The first category is straightforward: It is a consumer account you offer your customers that is primarily for personal, family or household purposes and that involves or is designed to permit multiple payments of transactions. So this category would not apply to business-to-business accounts, as these are not for personal, family or household purposes. Rather, this first category of “covered accounts” would include credit card accounts, automobile loans, cell phone accounts and utility accounts.

 

For companies with business-to-business accounts, the Rule is a bit ambiguous with respect to the second category of “covered account.” The second kind of “covered account” includes “any other account that a financial institution or creditor offers or maintains for which there is a reasonably foreseeable risk to customers, or to the safety and soundness of the financial institution or creditor, from identity theft, including financial, operational, compliance, reputation or litigation risks.” The only examples offered to date by the FTC, as to the types of accounts this second category of “covered accounts” would include, are small business accounts, sole-proprietorship accounts or single-transaction consumer accounts that may be vulnerable to identity theft.

 

Thus, unfortunately, although the Rule is clear that “covered accounts” certainly means all consumer (i.e., personal) accounts, we are left with little guidance as to whether business-to-business accounts (which are not consumer accounts or personal in nature) would necessarily be considered “covered accounts.” The only guidance given by the FTC to date is that such business accounts may be covered only if the risk of identity theft is “reasonably foreseeable,” and the FTC has not provided any further guidance as to what this “reasonably foreseeable” standard may mean.

 

Additional guidance may be forthcoming.
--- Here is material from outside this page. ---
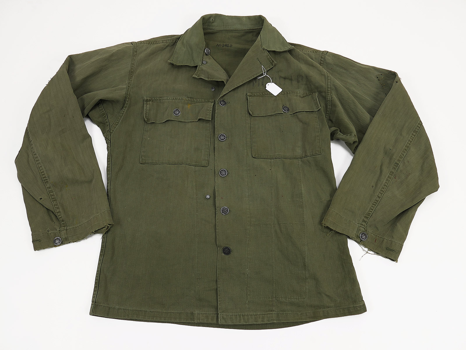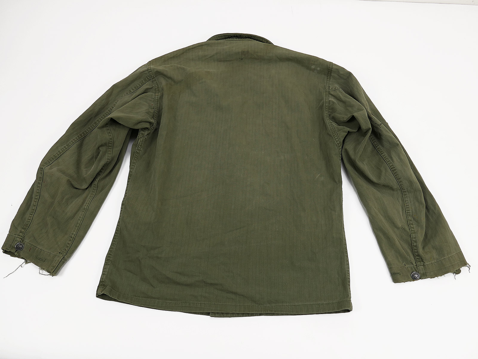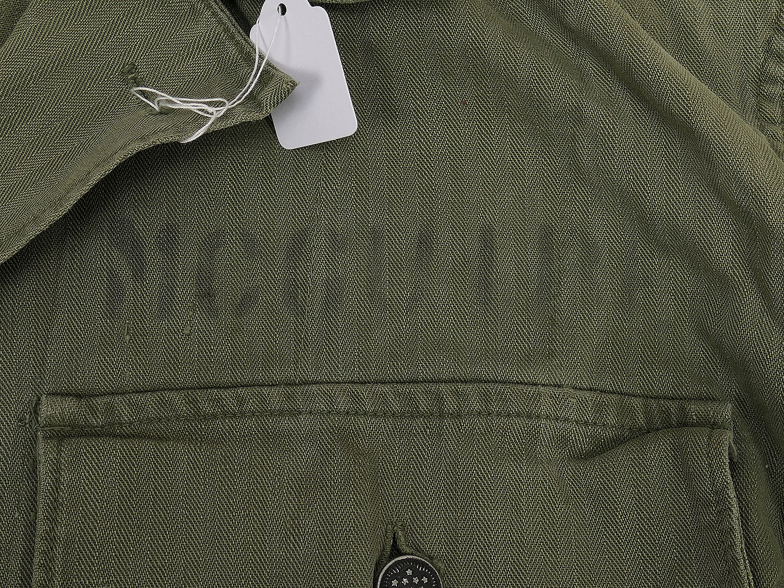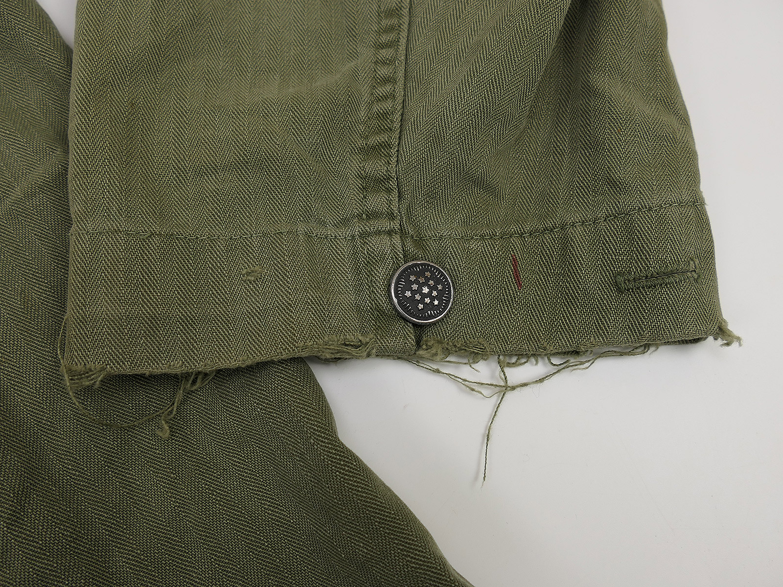 Single piece Original US ARMY WW2 HBT Herringbone Twill Jacket Small (US 34R) Collection BATTLE WORN
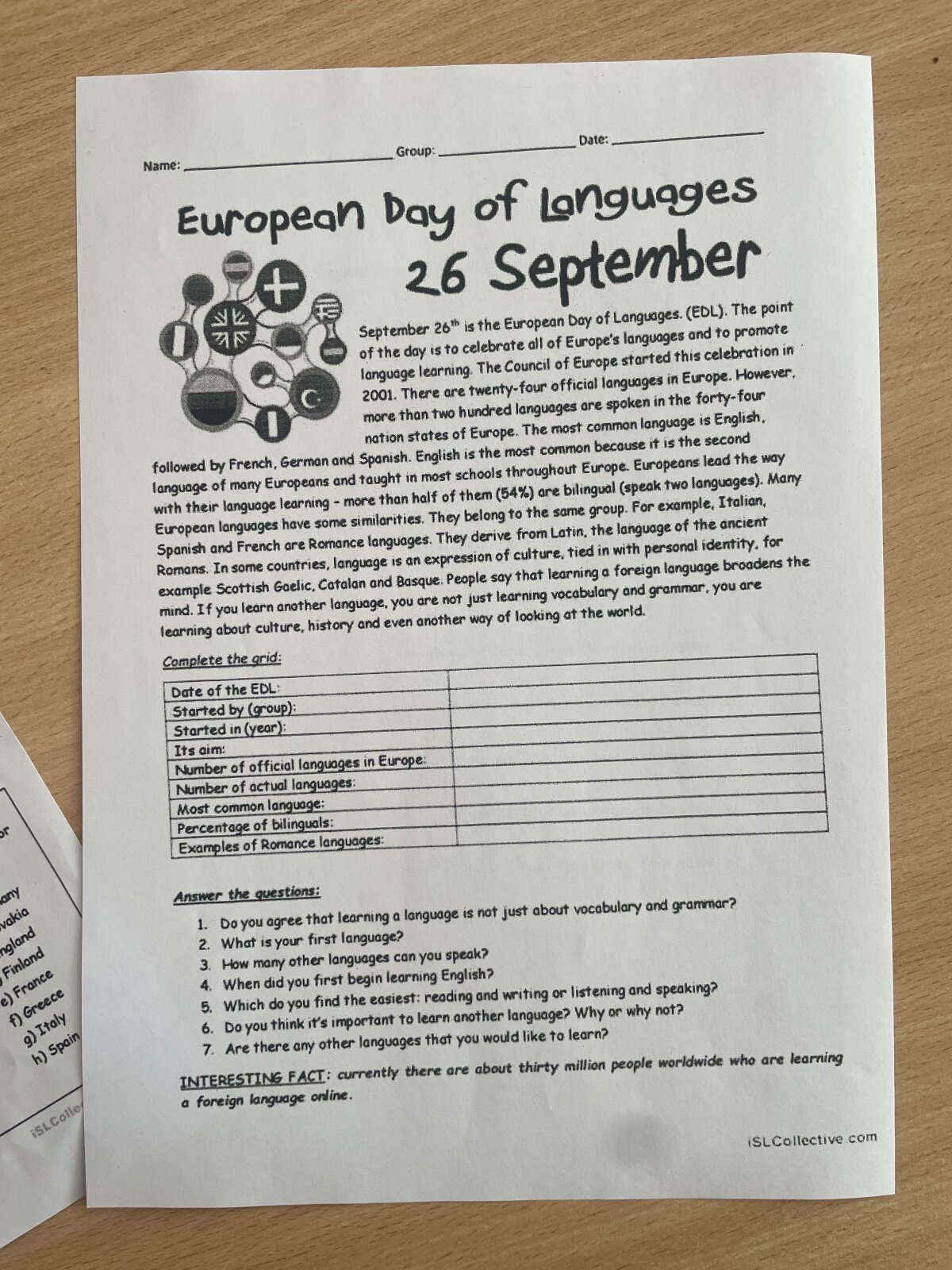 2025 m. rugsėjo 26 d. mūsų gimnazijoje paminėta Europos kalbų diena. Tai diena, primenanti apie kalbų įvairovę, jų svarbą ir grožį.

On July 29, a mere three days before the Red Flags Rule was to become effective, the FTC announced that it was delaying enforcement of the Rule until November 1, 2009. This delay follows previous delays announced in October 2008 and May 2009, so we are now operating under the fourth consecutive compliance date for this rule. The FTC press release announcing the most recent delay is available here. The FTC has also announced that it would soon release additional educational tools pertaining to the Red Flags Rule, and we are hopeful that these additional tools will shed some light on the application of the Rule to business-to-business accounts. Many of the FTC’s existing educational tools are available at the FTC Red Flags Web site.